Stalled Mideast peace process sends oil soaring, tech buoys stocks
Stalled progress in peace negotiations between Washington and Tehran sent oil prices higher on Tuesday, with stocks also making advances based on optimism around AI-related tech equities.
After wavering at the open, two of Wall Street's three main stock indices set fresh record highs, before paring those gains slightly before the close.
Oil prices also spiked higher on Monday on a lack of progress in talks to end the US-Israel war on Iran, with fighting also raging in Lebanon.
"There is no concrete progress in Middle East negotiations... but investors appear broadly optimistic that a longer-term resolution will be reached," said Susannah Streeter, chief investment strategist at Wealth Club.
David Morrison at Trade Nation noted that despite the oil market turmoil, "prices remained near the bottom of their recent range" and well below the $100 a barrel seen a few weeks ago.
Even a surge in eurozone inflation in May to 3.2 percent, all but ensuring an interest rate hike later this month by the European Central Bank, was not enough to dent European stocks Tuesday.
Underpinning market optimism was a new batch of headlines from US artificial intelligence giants.
Google parent Alphabet announced plans to raise up to $80 billion in stock to fund a major expansion of its AI infrastructure, with Warren Buffett's Berkshire Hathaway committing $10 billion.

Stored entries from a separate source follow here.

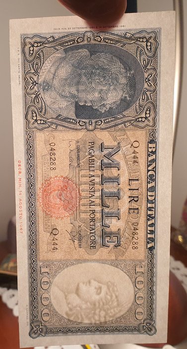 Bankbiljet in het laatste decreet van duizend lire uitgegeven op 25-09-1961 in sublieme uitstekende staat + bankbiljet met bijgevoegd certificaat uitgegeven door Cartamoneta.com door de numismatische expert G. Vendemia. Zie foto bankbiljet en certificaat voor juiste indruk.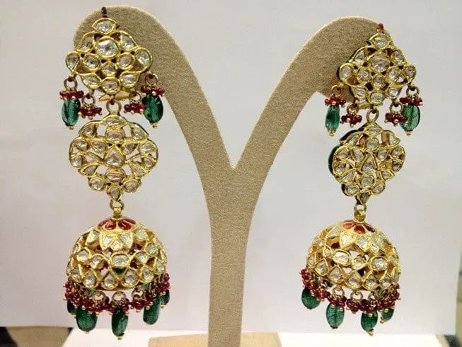 The Art of Kundan Meena by Jewelove Statement Kundan Meena Earrings by Jewelove. Magnificent handcrafted Jhumka pair studded with diamond polkis all around, with handcrafted enamel work done even on the inside of the domes, this pair of earrings define a class. On the top node the bottom katori inverted dome emerald hangings have been given to complete the grace of the royal Queen.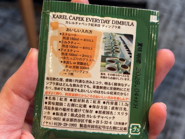 ちなみに、カレルチャペック紅茶店のティーバッグは裏に詳細な味わいの説明や飲み方が書いてある。3種類あったけど、食事系のときはスッキリしたディンブラ、甘いものを食べてるときはフレーバーティーを飲むのが相性いいなあと思った。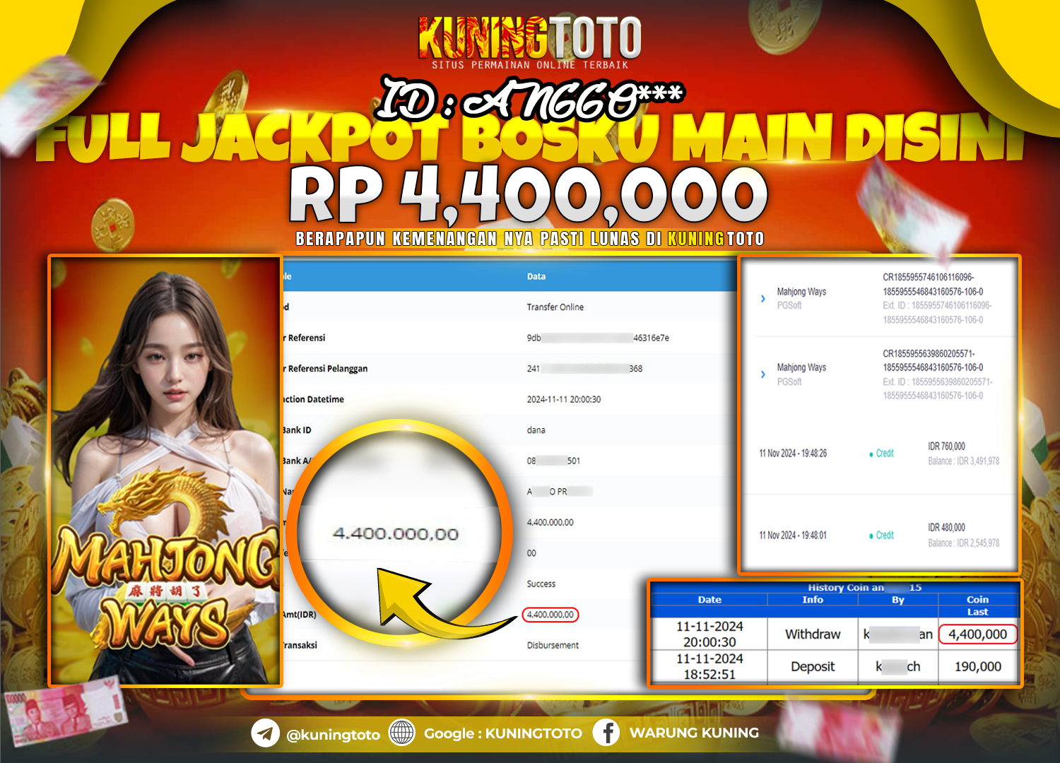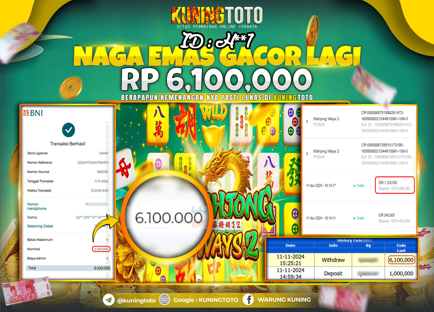 Bukti JackPot Slot Member KUNINGTOTO 11 November 2024 Mahjong Ways Memenangkan Jackpot dalam permainan slot online, yang saat ini sangat…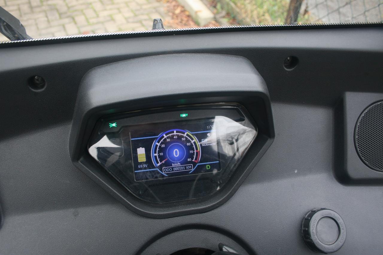 Der kleine E-Transporter mit über einer halben Tone Nutzlast hat eine Dauerleistung von 7,5 kW (10 PS). Der Motor schiebt den Ari bis etwa 30 km/h mit Vehemenz vorwärts und bis Tempo 50 geht es auch flott weiter. Die Höchstgeschwindigkeit wird mit 78 km/h angegeben. Der Tacho reicht bis 80 und die Nadel geht gerne bis zum Anschlag.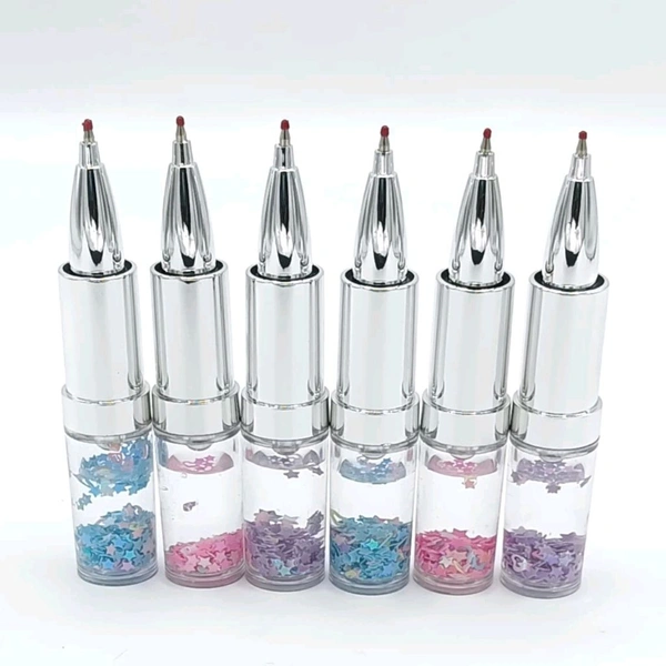 Premium Cute Lipstick Shaped Pen With Floating Glitters MC469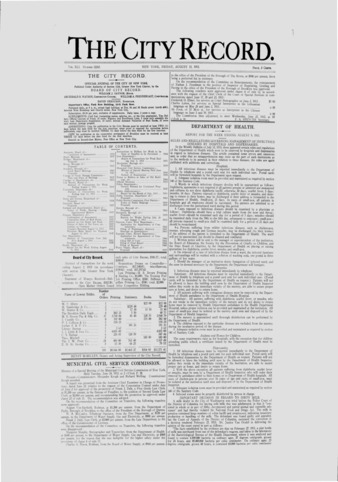 The City Record newspaper publishes notices which includes but is not limited to: public hearings and meetings, public auctions and sales, solicitations and awards and official rules proposed and adopted by city agencies. This is the City Record Newspaper for August 15, 1913.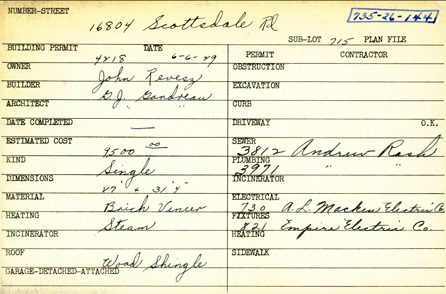 16804 Scottsdale Boulevard Shaker Heights, OH 44120 PARCEL ID: 735-26-144 Building Permit Date: 06-06-1929 Plan File Number: 0 Neighborhood: Lomond Owner: Revesz, John Builder: Gandreau, G. J. Architect: Gandreau, G. J. Estimated Cost: 9500 Kind: Single, Single Residence or Dwelling Material: Brick Veneer Heating: Steam Roof: Wood Shingle Card Available: yes |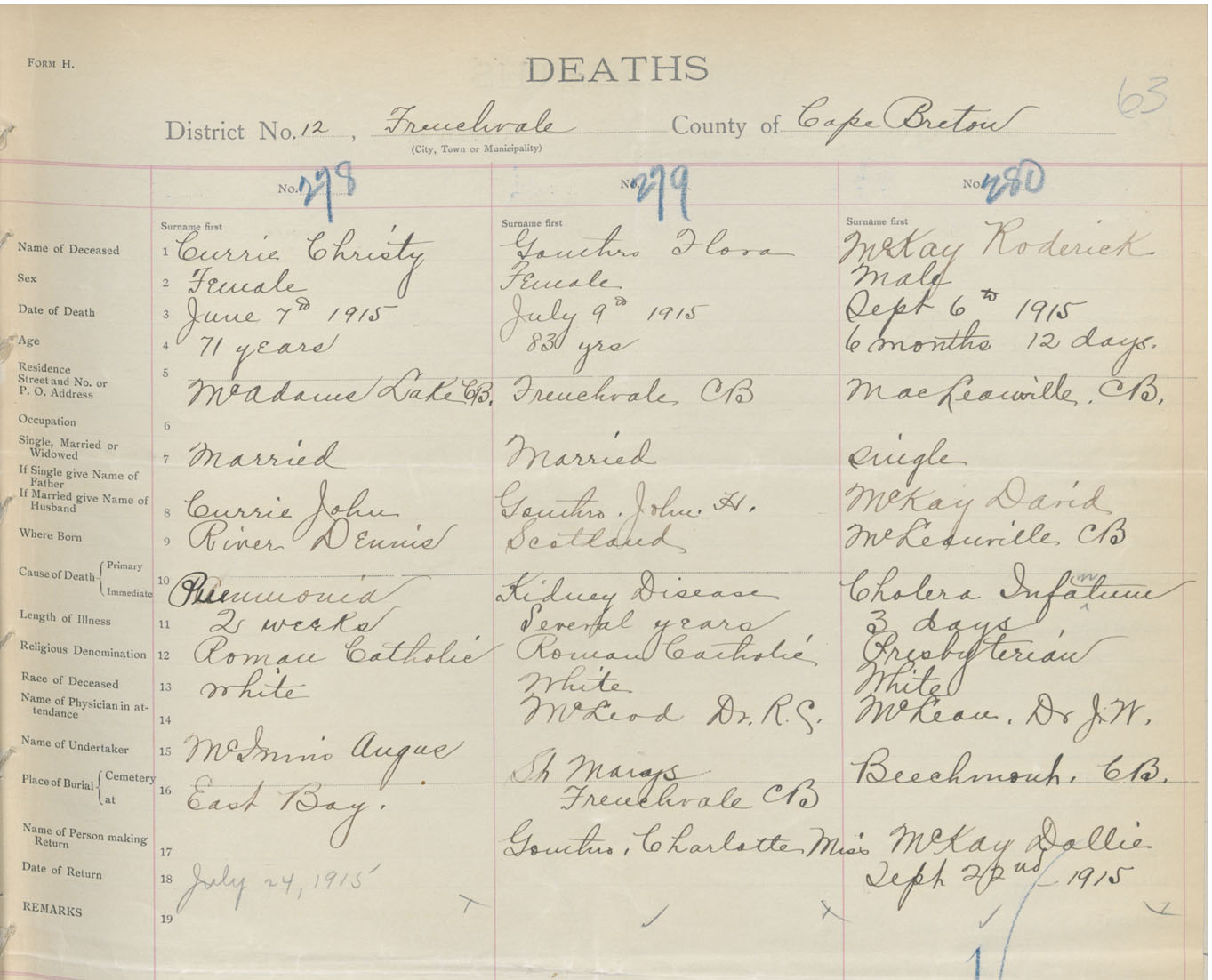 Female Death Registration: Year: 1915 book: 28 page: 63 number: 278

"The development is raising concerns regarding heavy expenses for AI that are happening against the backdrop of uncertain profitability profiles," said Jose Torres of Interactive Brokers.
He added that "strengthening confidence of a solid economy is countering those worries."
Anthropic, maker of the Claude chatbot, said it had filed confidentially for an initial public offering that could value the AI group at nearly one trillion dollars.
The news propelled Seoul's stock market, which has been at the forefront of the AI rally this year and ended at another all-time high, with Samsung shares up more than three percent.
"Headlines around Iran grab the steering wheel but the AI trade remains the engine for stock markets," said Saxo Markets analyst Neil Wilson.
The outlook for US interest rates is also on the agenda, with the release of jobs data on Friday that could determine if the Federal Reserve will keep its benchmark rate stable or potentially hike borrowing costs to fight inflation.
US job openings data released on Tuesday was positive, showing open positions at a 23-month high in April, driven by corporate demand for workers.
- Key figures at around 2000 GMT -
Brent North Sea Crude: UP 1.1 percent at $96.00 a barrel
West Texas Intermediate: UP 1.8 percent at $93.76 a barrel
New York - DOW: UP 0.5 percent at 51,307.79 points (close)
New York - S&P 500: UP 0.1 percent at 7,609.78 (close)
New York - Nasdaq Composite: UP 0.03 percent at 27,093.90 (close)
London - FTSE 100: UP 0.3 percent at 10,373.51 (close)
Paris - CAC 40: UP 0.8 percent at 8,209.09 (close)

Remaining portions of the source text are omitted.